Iain M Banks – le cycle de la Culture

La Culture est une immense communauté humaine, à l’échelle de la galaxie, tolérante, pacifique, sans loi, sans argent et sans autorité, elle a en grande partie confié son avenir à des intelligences artificielles qui disposent d’un statut de citoyen à l’égal des hommes. Sa technologie dépasse l’entendement et a vaincu la maladie et la souffrance. Son économie abondante permet de satisfaire tous les besoins et a donc éliminé la criminalité.

La Culture a défini le bonheur comme l’hédonisme individualiste et regarde de haut le reste de la galaxie. La Culture ne mène pas de guerres à proprement parler. Elle ne conquiert pas ; elle assimile, digère et intègre les autres civilisations.

La Culture dispose donc de son service secret et diplomatique, la section Contact, qui réalise le sale boulot, loin des yeux du reste de la population qui ne veut rien savoir. « Contact » évangélise, accompagne, voire force l’évolution des autres civilisations vers l’idéal de la Culture.

Le cycle de la Culture est composé de trois œuvres principales, chronologiquement : Une forme de guerre, L’homme des jeux (sans doute le plus marquant) et L’usage des armes. On peut lire ces trois livres dans un ordre indifférent puisqu’il n’y a pas de lien chronologique, néanmoins je recommande de commencer par L’homme des jeux, par ailleurs un incontournable pour les amateurs de jeux de société.

Iain M Banks semble projeter dans le futur l’Occident moderne, particulièrement l’Europe, avec ses idéaux nobles et ses travers. Il montre une société parvenue à un aboutissement moral, technologique, social et personnel. Une société qui pourtant, au travers de la section Contact, se montre aussi cynique et manipulatrice.

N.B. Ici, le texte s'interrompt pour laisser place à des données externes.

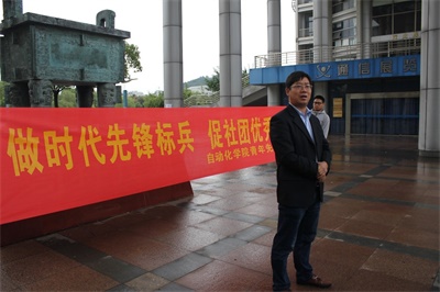 2016年10月15日上午,威尼斯金沙欢乐娱人城威尼斯金沙欢乐娱人城“青年先锋大课堂”活动正式拉开帷幕。上午8:15,威尼斯金沙欢乐娱人城党委副书记杜月林老师、分团委书记汪颖老师、14级辅导员张逗老师、15级辅导员马骋老师以及所有学员来到学校南门大鼎处,参加了开课仪式。
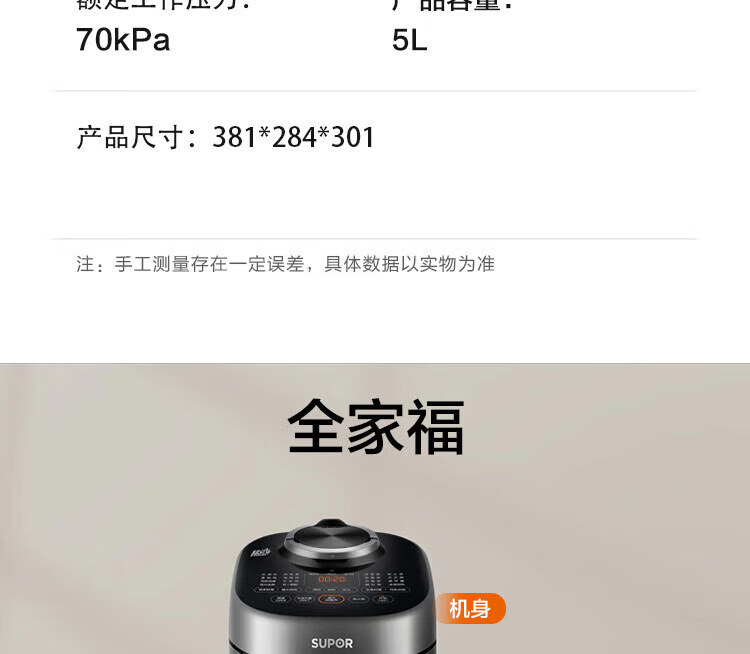 家用电器  > 厨房小电  > 电压力锅  >  苏泊尔/SUPOR  >  苏泊尔电压力锅5L精钢球釜智能鲜呼吸多功能高压锅家用SY-50FH75Q SY-50FH75Q/台
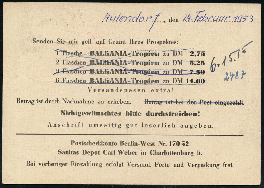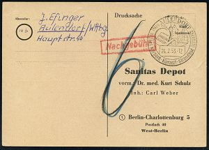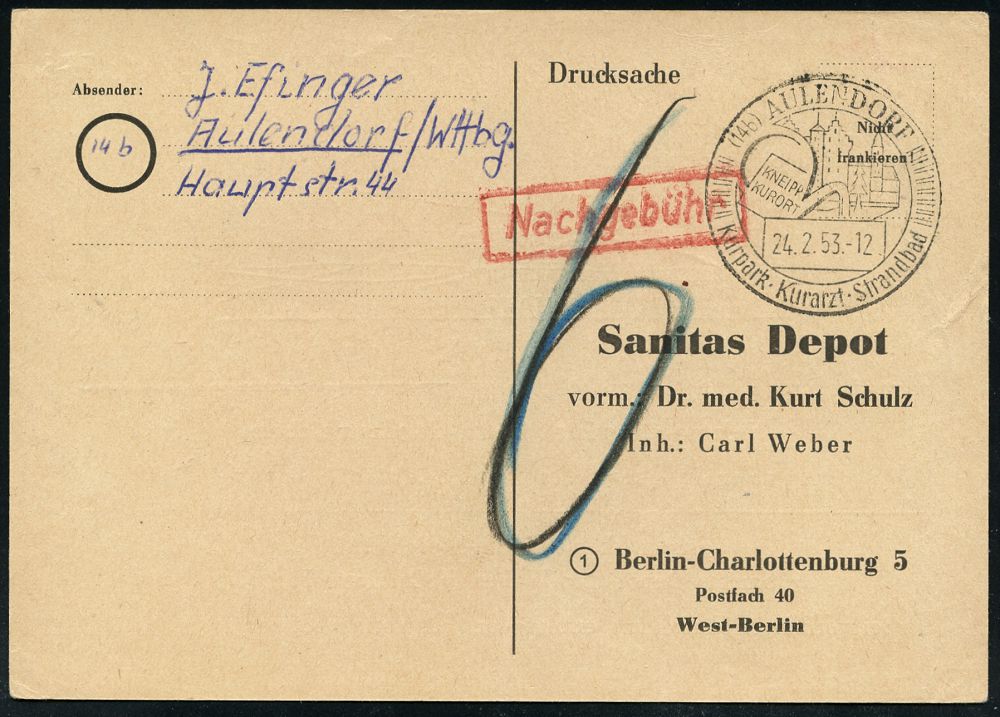 5916 | 14 € | POSTLEITRAUM 7900 (OHNE ULM) : (14b) AULENDORF/ KNEIPP/ KURORT.. 1953 (24.2.) HWSt = Kneipp-Kanne (vor Ort) + Ra.: Nachgebühr , unfrankierte Werbe-Antwort-Nachgebühr-Kt. (hs. 6 Pf.) n. West-Berlin (Bo.1) | ![]() ![]() | |

Elle s’étend par une forme de soft power technologique, culturel et nébuleux. La Culture est aussi incomprise par l’extérieur, elle semble absurde et elle est parfois violemment combattue.

Le tour de force de Iain M Banks est de ne jamais situer ses romans au sein de la Culture. On suit toujours des personnages à la marge, des espions, des diplomates, ou bien ses ennemis. C’est par leur regard qu’on finit par comprendre, envier et détester la Culture. Ce décalage permet de nous regarder de l’extérieur.

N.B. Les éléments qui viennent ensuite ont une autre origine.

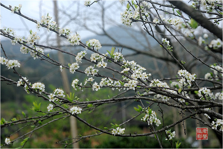 李,又名郁李、玉梅,古称嘉庆子,为落叶乔木,花期为4~5月,白花,虽小而繁茂,素雅清新。
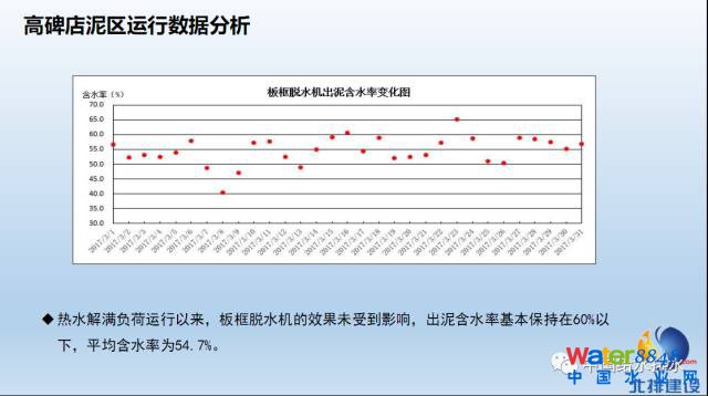 在調(diào)試過程中,通過對消化池溫度、PH值、VFA/TAC、氨氮和游離氨等數(shù)據(jù)的監(jiān)測和控制,保證了消化池在負(fù)荷提高時的穩(wěn)定運(yùn)行,同時平穩(wěn)度過微生物的轉(zhuǎn)換期,成功完成整個系統(tǒng)的啟動。隨著熱水解滿負(fù)荷運(yùn)行以來,板框脫水機(jī)的效果未受到影響,出泥含水率基本保持在60%以下,平均含水率為54.7%。

Le cycle prend bien sûr un aspect de space opera avec son lot de péripéties, de personnages attachants et de batailles spatiales, mais développe un puissant questionnement philosophique, qui nous interpelle, nous Européens. Vers quoi allons-nous ? Pourquoi notre société fait-elle rêver à l’étranger, et pourquoi peut-on nous détester ?

Les romans, admirablement écrits, peuvent aussi être franchement drôles. Ils sont captivants et ont plusieurs niveaux de lecture, notamment pour L’usage des armes. Le cycle de la Culture ne laissera pas les amateurs de science-fiction indifférents. Dans un genre littéraire qui a été en partie dominé par les Américains, Iain M Banks me semble apporter un questionnement plus typiquement Européen sur le devenir de l’Occident et de ses valeurs.

Comment ne pas voir des liens évidents avec notre époque lorsque la Culture se retrouve plongée dans un combat qui l’oppose à une civilisation ultra religieuse « radicalisée » (Une forme de guerre), ou lorsqu’elle manipule politiquement des Empires voisins (L’homme des jeux) ?

Si la trilogie vous plaît, sachez que Iain M Banks, jusqu’à sa mort en 2013, a publié par la suite de nombreux autres livres qui continuent le cycle de la Culture.

« Le mot répugnant est faible pour décrire ce que je ressens à l’égard de votre précieuse Culture. Vous ne connaissez ni la gloire, ni la fierté, ni la notion de culte. Vous détenez un certain pouvoir, mais vous n’en resterez pas moins des impuissants. Et vous le serez toujours. Les êtres humbles, pitoyables, apeurés, lâches… »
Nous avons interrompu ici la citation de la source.